NovelToon NovelToon
Godaan CEO Serigala Hitam

Godaan CEO Serigala Hitam

Status: sedang berlangsung
Genre:Romantis / Fantasi / Manusia Serigala
Popularitas:88
Nilai: 5
Nama Author: Lily Benitez

Saat tersesat di hutan, Artica tidak sengaja menguak sebuah rahasia tentang dirinya: ia adalah serigala putih yang kuat. Mau tak mau, Artica pun harus belajar menerima dan bertahan hidup dengan fakta ini.

Namun, lima tahun hidup tersembunyi berubah saat ia bertemu CEO tampan—seekor serigala hitam penuh rahasia.

Dua serigala. Dua rahasia. Saling mengincar, saling tertarik. Tapi siapa yang lebih dulu menyerang, dan siapa yang jadi mangsa?

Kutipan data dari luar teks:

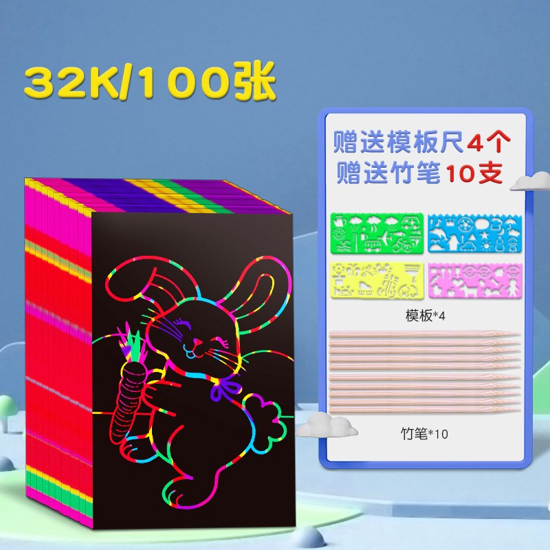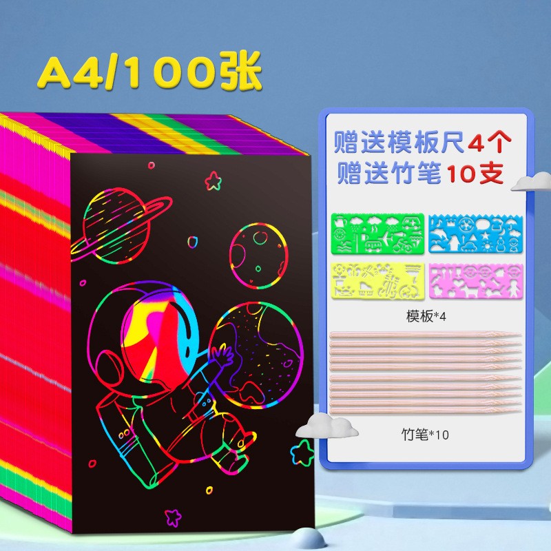 Children's colorful scratch paper a4 scratch paper, primary school students' black scratch wax paper, diy handmade creative doodle book art

Artica hanya ingin menyembunyikan jati dirinya, tapi justru terjebak dalam permainan mematikan... bersama pria berjas yang bisa melahapnya bulat-bulat.

Karya ini diterbitkan atas izin NovelToon Lily Benitez, isi konten hanyalah pandangan pribadi pembuatnya, tidak mewakili NovelToon sendiri

Episode 8

[POV ARTICA]

Aku kembali memimpikan hal yang sama. Kali ini, aku berbaring di atas rumput, merasakan aromanya memenuhi hidungku. Dia berdiri di depanku, menghirup udara yang sama, membuat detak jantungku berpacu cepat. Dia menciumku lembut. Tapi saat aku merasakan tubuhnya bersandar padaku, aku terbangun dengan gelisah.

Melihat jam yang menunjukkan pukul enam, aku memutuskan untuk keluar berlari, mencoba menghilangkan perasaan aneh ini. Aku berlari, tenggelam dalam pikiranku, ketika menyadari ada seseorang di belakangku, lalu di sampingku.

Dia mengenakan hoodie hitam yang menutupi wajahnya. Melihat posturnya, aku menduga dia seorang pria. Dia tampak seperti menantangku, karena setiap kali aku mempercepat langkah, dia selalu berhasil mengejarku.

Kami sampai di alun-alun, berputar-putar. Aku mulai kesal karena dia terus mengikutiku, jadi aku mempercepat langkah hingga akhirnya meninggalkannya. Tapi tak lama, dia muncul lagi di belakangku, hanya beberapa meter jauhnya.

Aku berhenti, ingin melihat apakah dia benar-benar mengikutiku atau hanya kebetulan.

"Kupikir aku satu-satunya yang berlari sepagi ini," katanya sambil melepas tudungnya. Itu Rodrigo.

"Kamu beruntung aku tidak memukulmu karena mengikutiku," balasku sambil mengangkat tinju, membuatnya tersenyum.

"Aku harus banyak berlatih... untuk bisa mengikuti ritmemu," katanya lagi.

"Tidak perlu berbohong hanya untuk bersikap manis. Kamu tinggal dekat sini?" tanyaku.

"Aku punya apartemen dekat akademi tempat aku biasa melatih para siswa," jawabnya.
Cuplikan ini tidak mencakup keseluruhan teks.